There are also several other legal actions underway to stop the Keystone XL pipeline.

The Indigenous Environmental Network and North Coast Rivers Alliance Monday filed for an injunction against Trump’s Keystone XL Pipeline permit, also in U.S. District Court in Great Falls, Montana.

This lawsuit alleges that the State Department’s Final Supplemental Environmental Impact Statement fails to: provide a detailed and independent Project purpose and need, analyze all reasonable alternatives to the Project, study the Project’s transboundary effects, disclose and fully analyze many of the Project’s adverse environmental impacts, formulate adequate mitigation measures, and respond adequately to public comments.

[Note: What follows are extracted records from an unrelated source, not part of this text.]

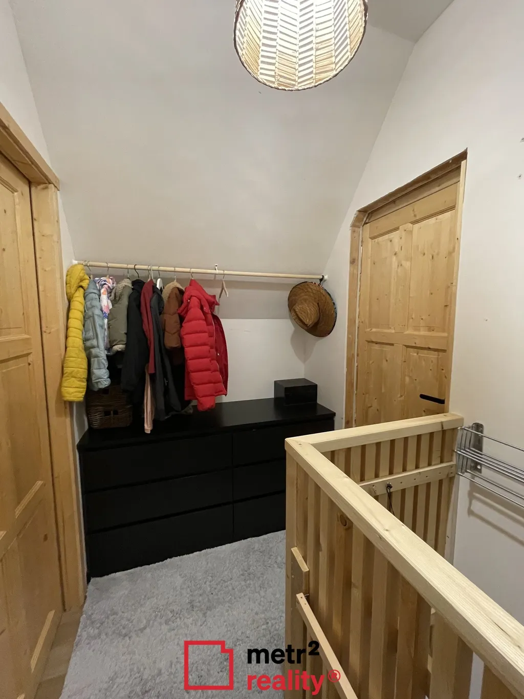 Dům o dispozici 3+1 je promyšleně řešen tak, aby každý člen rodiny našel svůj koutek. Dům je rozšířen přístavbou kontejneru. Moderní kuchyň v černém dekoru působí elegantně a nabízí plné vybavení, kde vaření bude radostí. Dětský pokoj je vybaven vestavěnou dvoupatrovou postelí, která šetří prostor a vnese do každodenního života dotek hravosti. Útulná ložnice přináší klidné zázemí pro chvíle odpočinku. Obývací pokoj s jídelní částí propojuje rodinu v jeden harmonický celek.
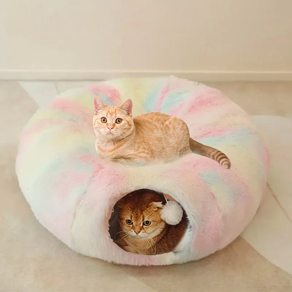 Designed for indoor cats, this cat tunnel bed is made of high quality plush to keep them warm in winter so your cat can play and sleep in the cat aisle.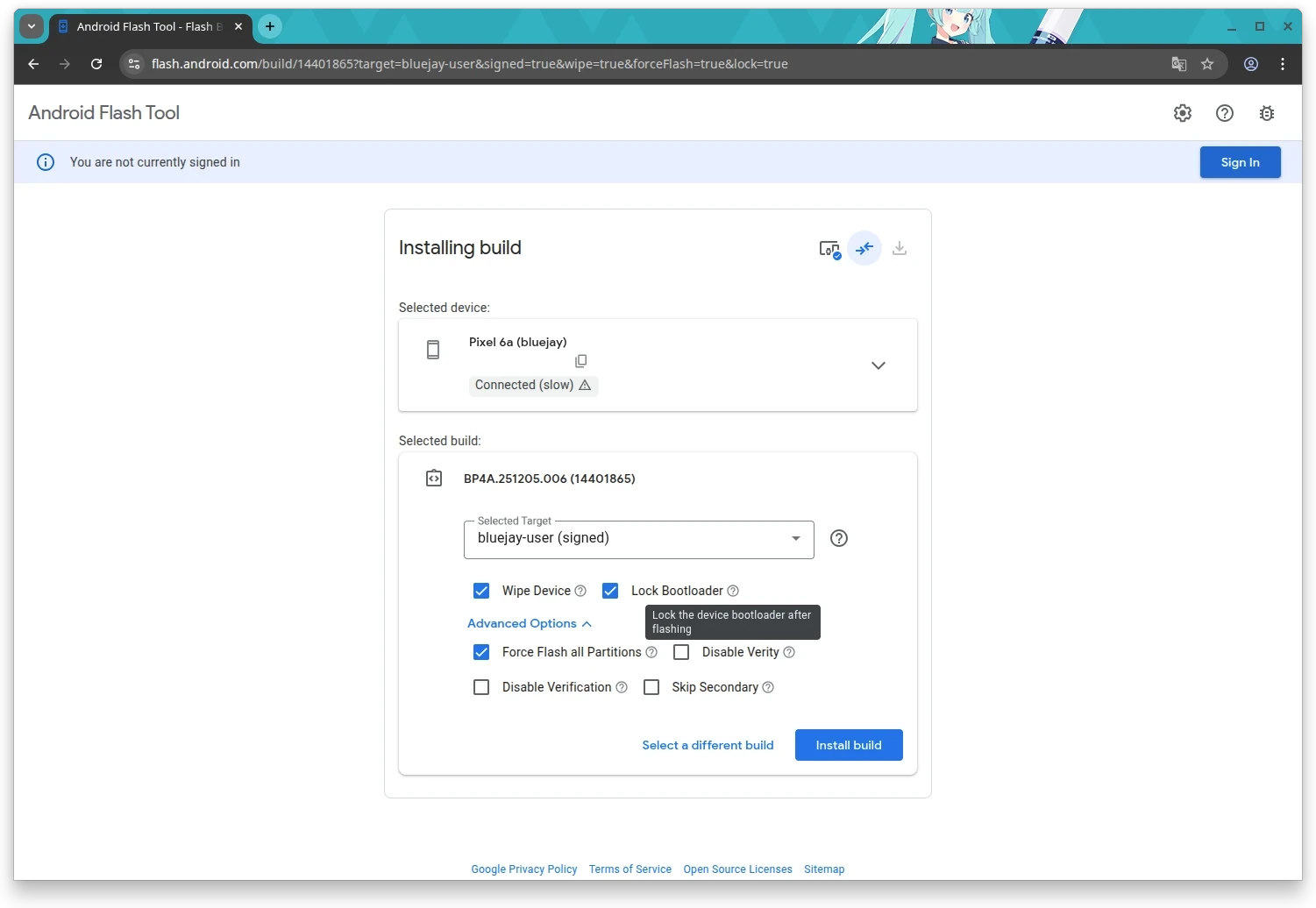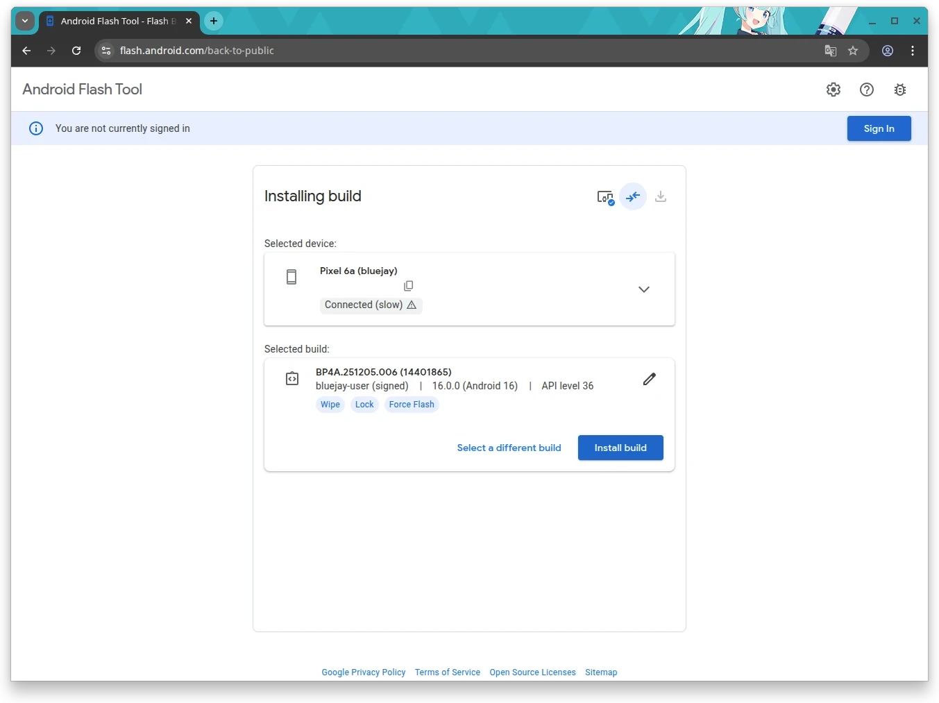 按下Install Build,等待系統映像檔下載完成,接著就會進行刷入。等到畫面顯示完成前都不要斷開手機。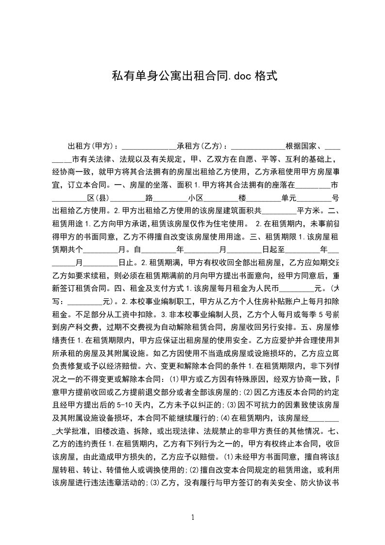 1.甲方将其合法拥有的座落在_________市_________区(县)_________路_________小区_________楼_________单元_________号出租给乙方使用。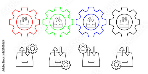 Down arrow, message vector icon in gear set illustration for ui and ux, website or mobile application

This suit alleges that the Trump administration’s Keystone XL permit violates the Endangered Species Act, the Migratory Bird Treaty Act, and the Bald and Golden Eagle Protection Act.

In addition, these plaintiffs argue, the State Department’s FSEIS was “irredeemably tainted because it was prepared by Environmental Resource Management, a company with a substantial conflict of interest.”

However, an investigation by the State Department’s Inspector General concluded in 2014 that the agency did not violate conflict-of-interest rules with the selection of Environmental Resources Management to conduct environmental assessments of the proposed Keystone XL pipeline project.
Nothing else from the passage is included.